The average time between arrivals is 1/λ minutes and the average time between services (when the queue is nonempty) is 1/μ minutes. So, the queue will grow without bound unless μ > λ; otherwise, customers enter and leave the queue in an interesting dynamic process.

Analysis

In practical applications, people are interested in the effect of the parameters λ and μ on various properties of the queue. If you are a customer, you may want to know the expected amount of time you will spend in the system; if you are designing the system, you might want to know how many customers are likely to be in the system, or something more complicated, such as the likelihood that the queue size will exceed a given maximum size. For simple models, probability theory yields formulas expressing these quantities as functions of λ and μ. For M/M/1 queues, it is known that:

• The average number of customers in the system L is λ / (μ – λ).

• The average time a customer spends in the system W is 1 / (μ – λ).

For example, if the cars arrive at a rate of λ = 10 per minute and the service rate is μ = 15 per minute, then the average number of cars in the system will be 2 and the average time that a customer spends in the system will be 1/5 minutes or 12 seconds. These formulas confirm that the wait time (and queue length) grows without bound as λ approaches μ. They also obey a general rule known as Little’s law: the average number of customers in the system is λ times the average time a customer spends in the system (L = λW) for many types of queues.

Simulation

PROGRAM 4.3.5 (mm1queue.py) is a Queue client that you can use to validate these sorts of mathematical results. It is a simple example of an event-based simulation: we generate events that take place at particular times and adjust our data structures accordingly for the events, simulating what happens at the time they occur. In an M/M/1 queue, there are two kinds of events: we either have a customer arrival or a customer service. In turn, we maintain two variables:

nextService is the time of the next service.

nextArrival is the time of the next arrival.

To simulate an arrival event, we enqueue a float nextArrival (the time of arrival); to simulate a service, we dequeue a float, compute the wait time wait (which is the time that the service is completed minus the time that the customer arrived and entered the queue), and add the wait time to a histogram (see PROGRAM 3.2.3). The shape that results after a large number of trials is characteristic of the M/M/1 queueing system. From a practical point of view, one of the most important characteristics of the process, which you can discover for yourself by running mm1queue.py for various values of the parameters λ and μ, is that the average time a customer spends in the system (and the average number of customers in the system) can increase dramatically when the service rate approaches the arrival rate. When the service rate is high, the histogram has a visible tail where the frequency of customers having a given wait time decreases to a negligible duration as the wait time increases. But when the service rate is close to the arrival rate, the tail of the histogram stretches to the point that most values are in the tail, so the frequency of customers having at least the highest wait time displayed dominates.
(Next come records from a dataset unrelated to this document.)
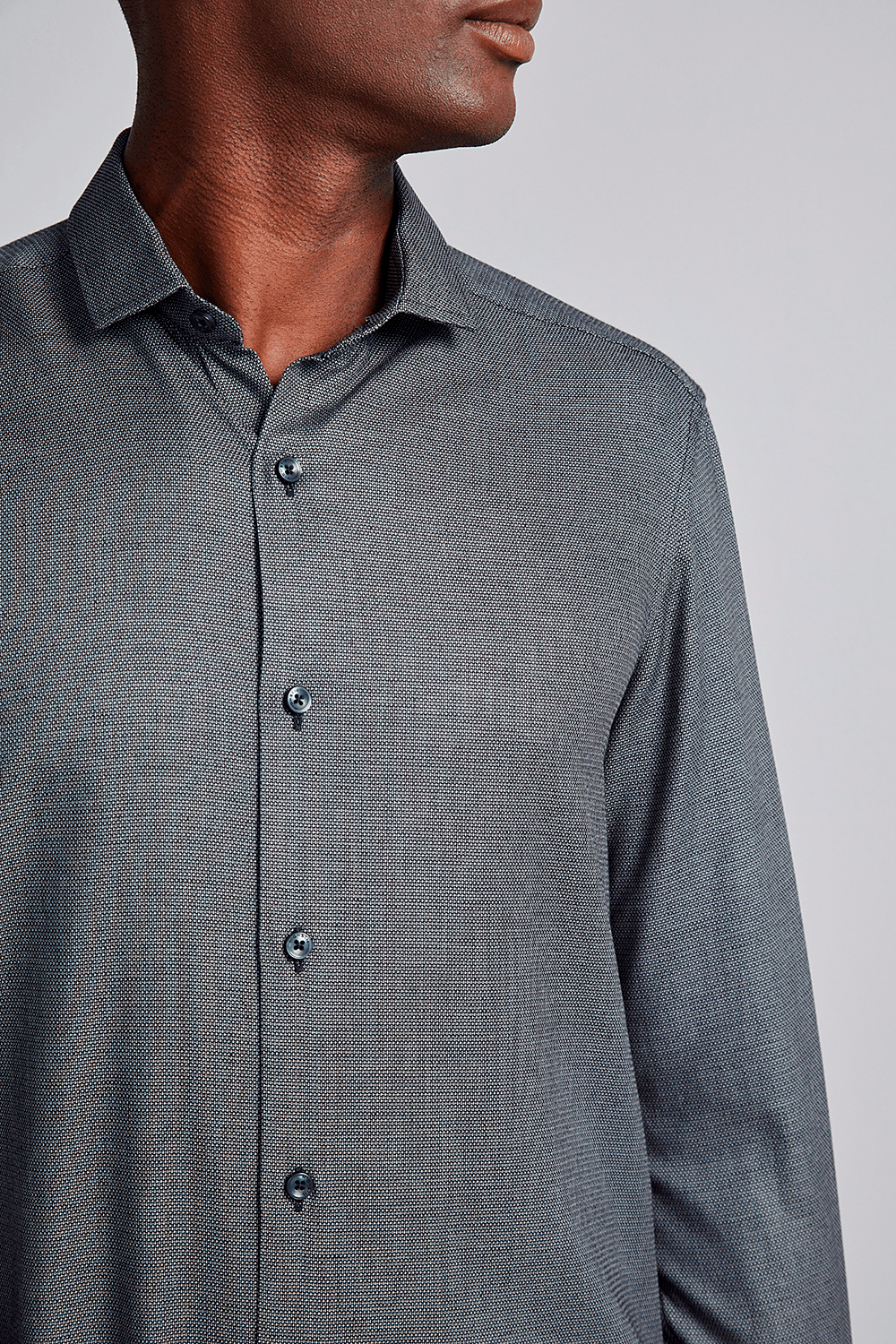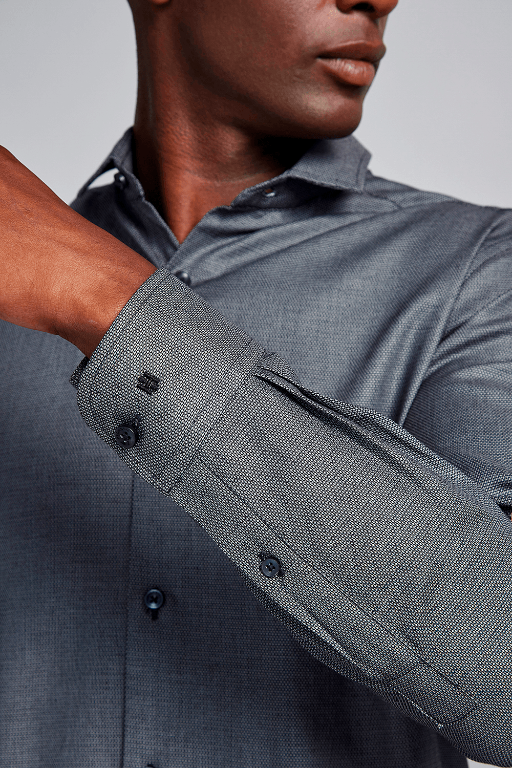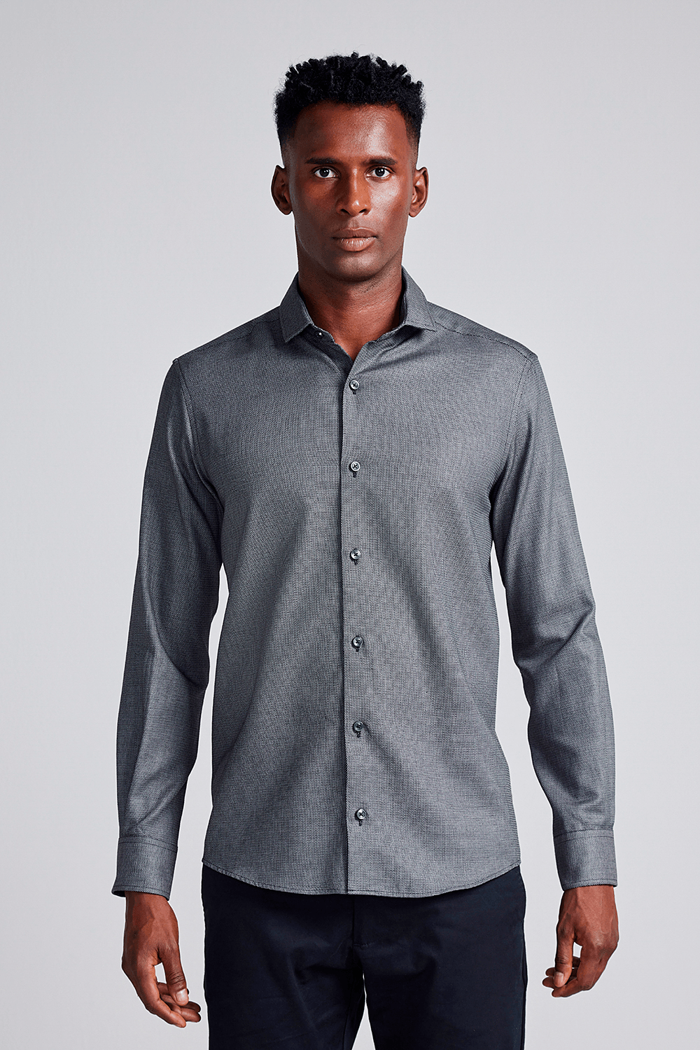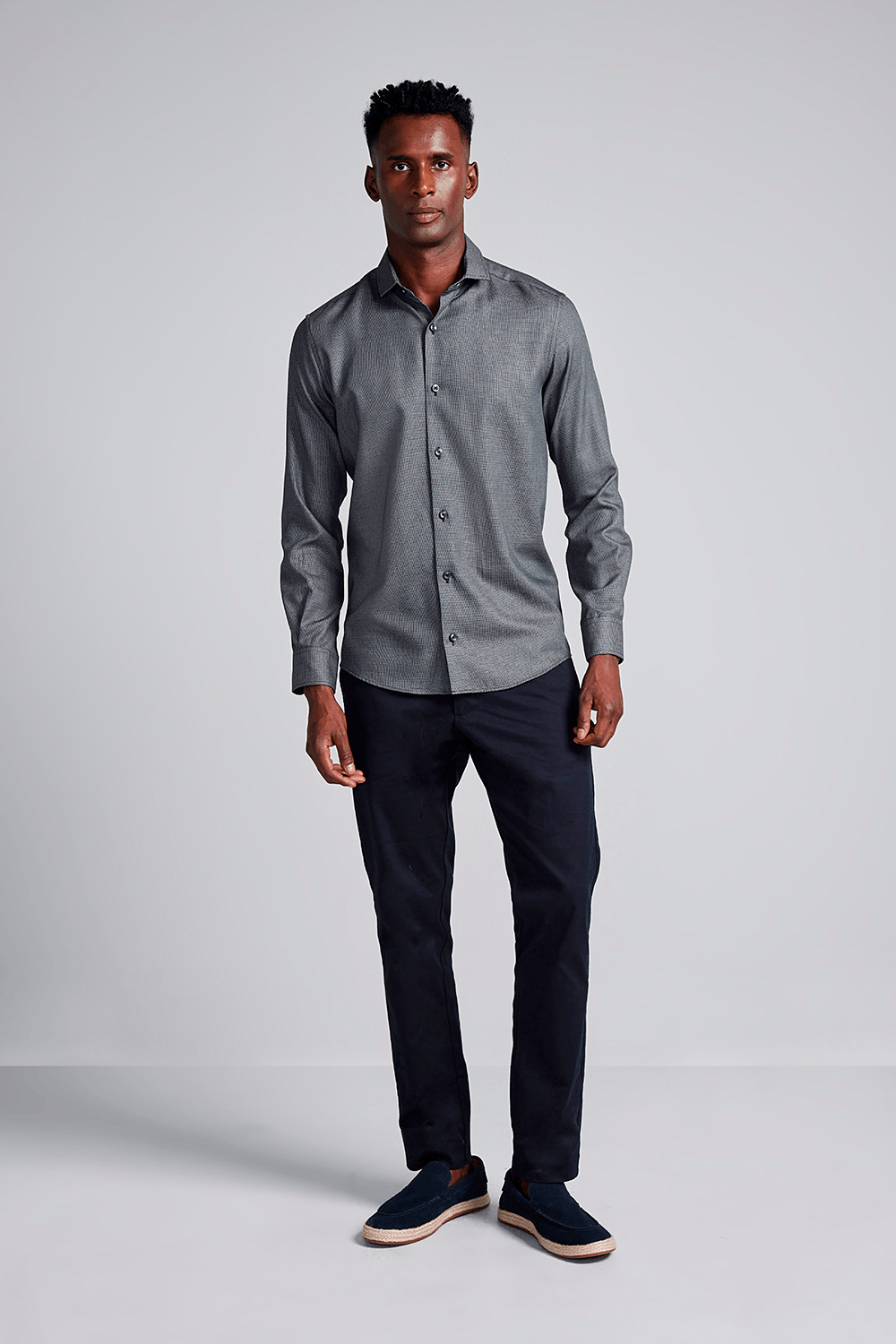 A Camisa Slim Fit é confeccionada em 100% Algodão. A peça conta com colarinho Paris. O tecido de tricoline é um tecido leve, suave e resistente.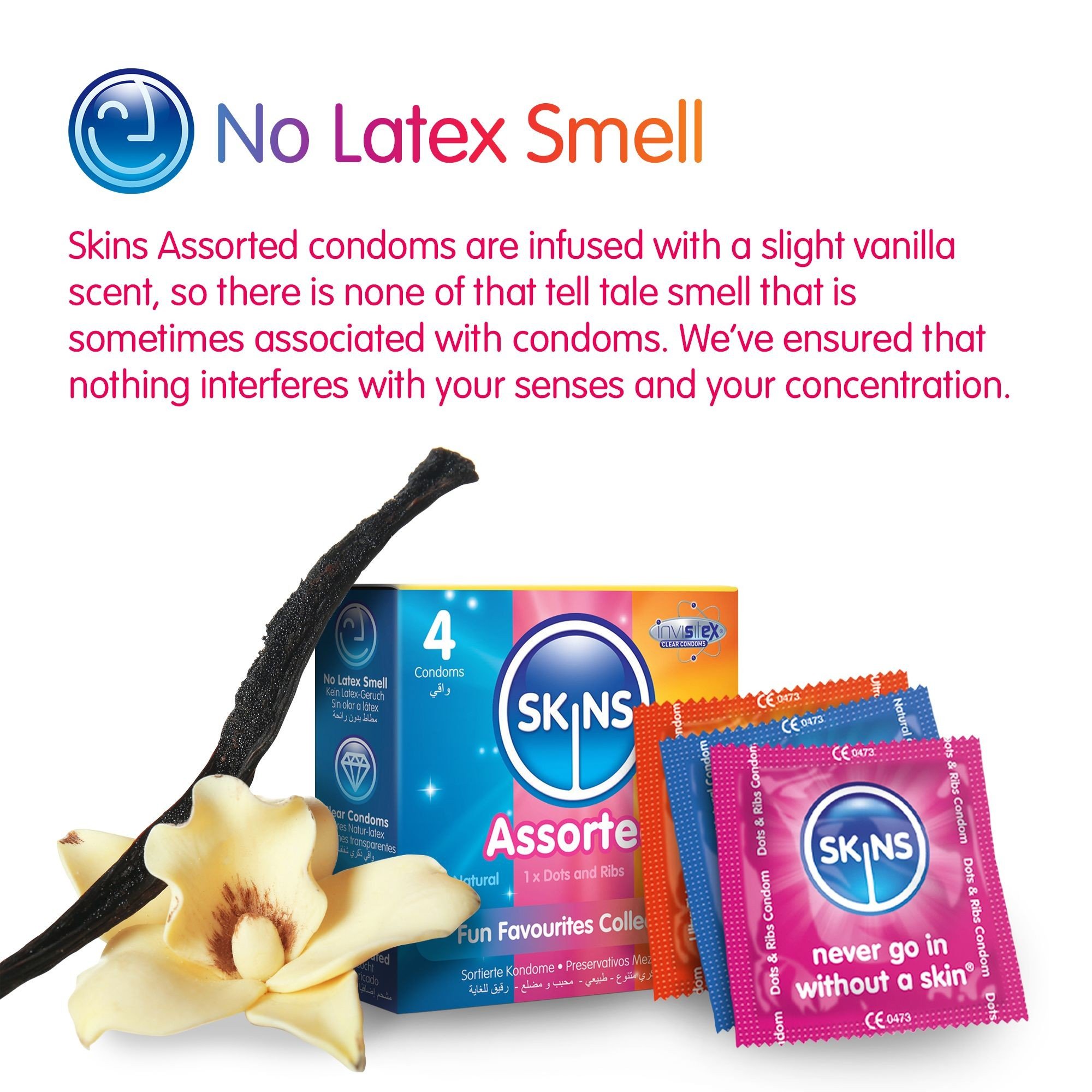 Celebrate diversity with Skins Assorted condoms. The box contains 4 Skins condoms, which are made of high-quality natural latex and feel like a second skin when worn. The transparent design ensures a natural look compared to standard, slightly milky-colored condoms.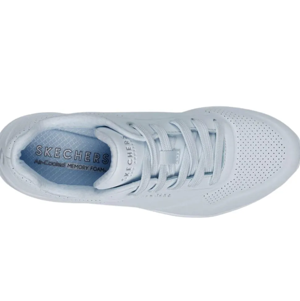The Skechers UNO are one of the best selling ladies trainers from the Skechers shoes range. These trainers have a light blue upper.This runner was designed using a Skechers ‘Air-Cooled Memory Foam’ insole & has a padded collar & tongue which adds to the comfort of the runner. This runner is perfect for everyday casual wear!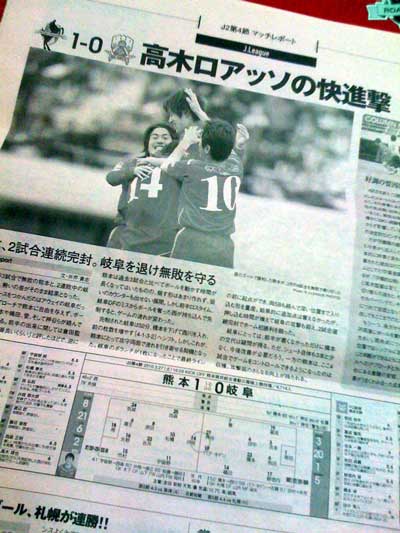 MOMはヒロノリくん。このライターさんも岐阜のハシモトくんの交代は「?」みたいな書き方です。熊本では不発だったけどものすごい戦術なのかもしれないね(^^;)。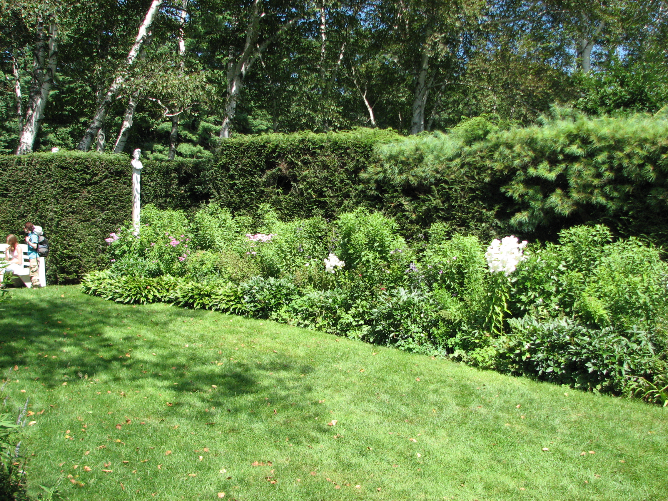 In addition to the usual hedge plants, edible hedges can be made using gooseberries, currants or blueberries. Decorative grasses can be used, or even golden rod (if you dare risk the scorn of your neighbors). I once divided and moved several large peonies for a client who was re-doing a garden. I divided them into 50 plants and spaced them so that, when mature, the foliage would mingle and create a single row of plants. By now it must be drop-dead gorgeous in June. It’s not a hedge that provides privacy, but it is wonderful in bloom and it sets off their lawn from the neighbor’s lawn.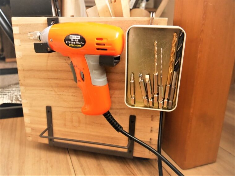 セリア木箱のロングタイプのものを、工具入れの一種として使用しています。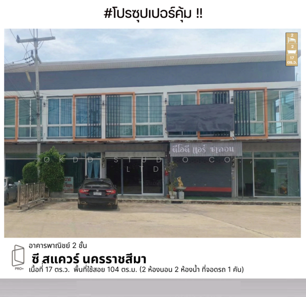 เนื้อที่ 17 ตร.ว. พื้นที่ใช้สอย 104 ตร.ม.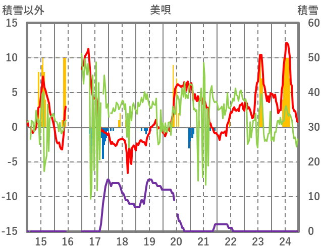 | 日 | 時 | 気温 | 降水 | 風向/風速 | 日照 | 積雪 | 降雪 |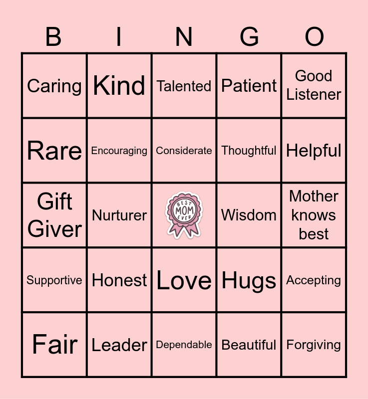 This bingo card has a free space and 24 words: Honest, Leader, Considerate, Fair, Good Listener, Caring, Rare, Kind, Wisdom, Love, Thoughtful, Gift Giver, Hugs, Accepting, Encouraging, Beautiful, Mother knows best, Talented, Helpful, Nurturer, Forgiving, Supportive, Patient and Dependable.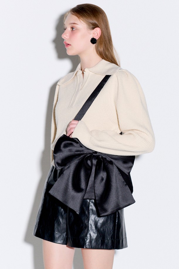 [리퍼브] Big Ribbon Satin Bag Black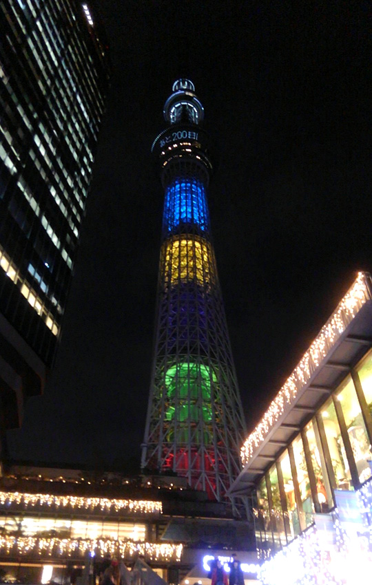 そびえるスカイツリーが一層美しい。この日は五輪200日前ということで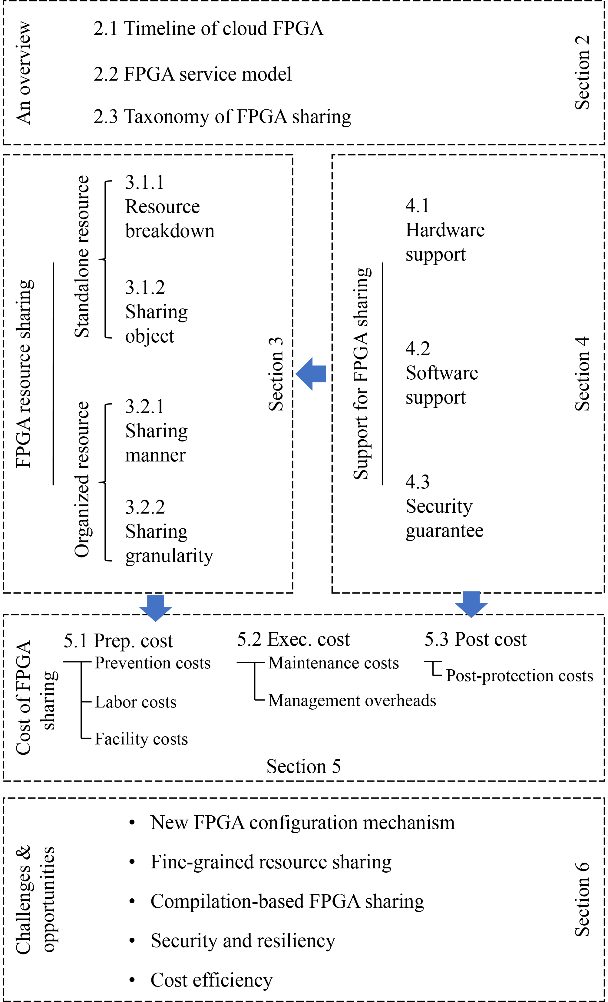 Cloud vendors are actively adopting FPGAs into their infrastructures for enhancing performance and efficiency. As cloud services continue to evolve, FPGA (field programmable gate array) systems would play an even important role in the future. In this context, FPGA sharing in multi-tenancy scenarios is crucial for the wide adoption of FPGA in the cloud. Recently, many works have been done towards effective FPGA sharing at different layers of the cloud computing stack.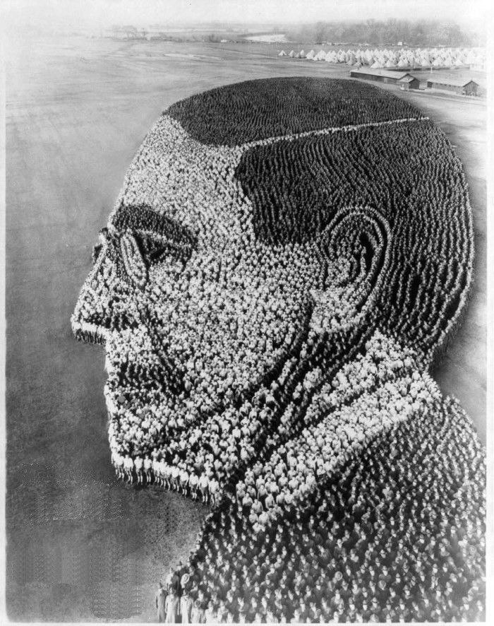 "Живой" портрет президента США Вудро Вильсона, образованный  21 тысячей солдат и офицеров,  штат Огайо, 1918 год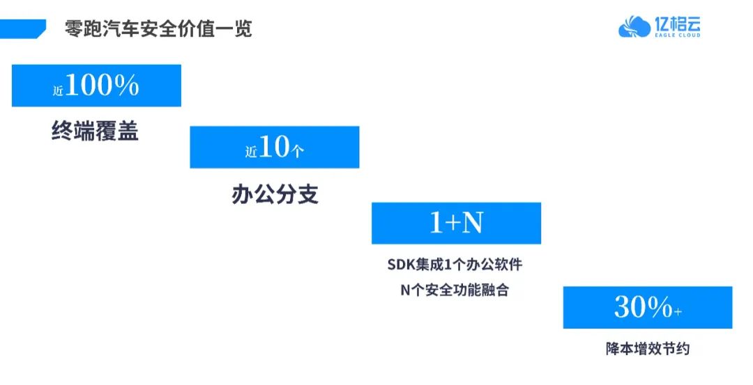 “零跑作为拥有全域自研能力的科技型智能电动车企,对于核心数据的保护至关重视。经过测试以及深思熟虑后选择了亿格云,这个周期并不是很短。我们基于亿格云枢SDK集成,结合公司的IT规划需求共同打造的集成式终端一体化解决方案——“凌界”,像远程接入、外设管控、数据安全管理、合规检查、终端杀毒、终端检测等主要的安全功能都可实现,此外,凌界平台在‘降本增效’方面也给我们带来了惊喜。低于预期的整体安全运营成本评估。也一定程度上提升了办公效率。”
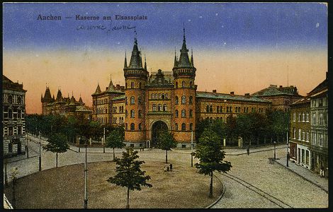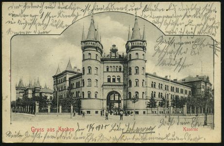 9514 | 12 € | 5100 AACHEN (Allgem. Abteilung, Tagesstempel, Ganzsachen etc.) : Aachen 1905 (25.7.) s/w.-Foto-Ak.: Gruss aus Aachen Kaserne = Kaserne am Elsassplatz , 1K-Brücke: AACHEN/* 1 a, Bedarf | ![]() ![]() | |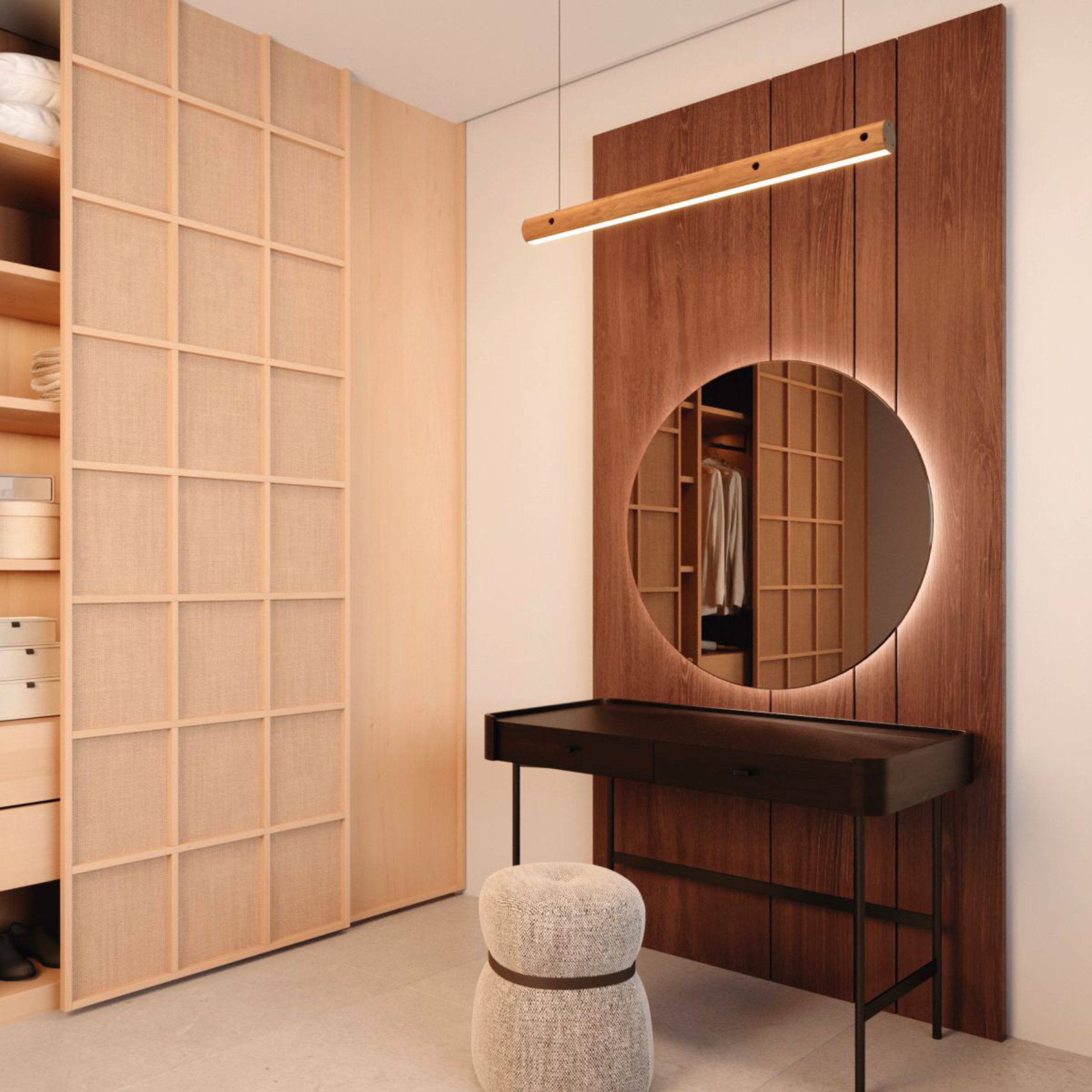 Pendente em madeira maciça de demolição. Produto com 1 perfil de LED no centro, com driver embutido de 36w. Design contemporâneo para diversos ambientes.

Program 4.3.5 M/M/1 queue simulation (mm1queue.py)

import sys
import stddraw
import stdrandom
from linkedqueue import Queue
from histogram import Histogram

lambd = float(sys.argv[1])
mu    = float(sys.argv[2])

histogram = Histogram(60 + 1)
queue = Queue()
stddraw.setCanvasSize(700, 500)

nextArrival = stdrandom.exp(lambd)
nextService = nextArrival + stdrandom.exp(mu)

while True:

    while nextArrival < nextService:
        queue.enqueue(nextArrival)
        nextArrival += stdrandom.exp(lambd)

    arrival = queue.dequeue()
    wait = nextService - arrival

    stddraw.clear()
    histogram.addDataPoint(min(60, int(round(wait))))
    histogram.draw()
    stddraw.show(20.0)

    if queue.isEmpty():
        nextService = nextArrival + stdrandom.exp(mu)

    else:
        nextService = nextService + stdrandom.exp(mu)


   lambd    | arrival rate λ
     mu     | service rate μ
 histogram  | histogram
   queue    | M/M/1 queue
nextArrival | time of next arrival
nextService | time of next service completion
  arrival   | arrival time of next customer to be serviced
  wait      | time on queue

This program accepts float command-line arguments lambd and mu and simulates an M/M/1 queue with arrival rate lambd and service rate mu, producing a dynamic Histogram of the wait times. Time is tracked with two variables nextArrival and nextService and a single Queue of floats. The value of each item on the queue is the (simulated) time it entered the queue. Example plots produced by the program are shown and discussed on the next page.


Image

As in many other applications that we have studied, the use of simulation to validate a well-understood mathematical model is a starting point for studying more complex situations. In practical applications of queues, we may have multiple queues, multiple servers, multistage servers, limits on queue length, and many other restrictions. Moreover, the distributions of interarrival and service times may not be possible to characterize mathematically. In such situations, we may have no recourse but to use simulations. It is quite common for a system designer to build a computational model of a queuing system (such as mm1queue.py) and to use it to adjust design parameters (such as the service rate) to properly respond to the outside environment (such as the arrival rate).

Resource allocation

Next, we examine another application that illustrates the data structures that we have been considering. A resource-sharing system involves a large number of loosely cooperating servers that want to share resources. Each server agrees to maintain a queue of items for sharing, and a central authority distributes the items to the servers (and informs users where they may be found). For example, the items might be songs, photos, or videos to be shared by a large number of users. To fix ideas, we will think in terms of millions of items and thousands of servers.

We will consider the kind of program that the central authority might use to distribute the items, ignoring the dynamics of deleting items from the systems, adding and deleting servers, and so forth.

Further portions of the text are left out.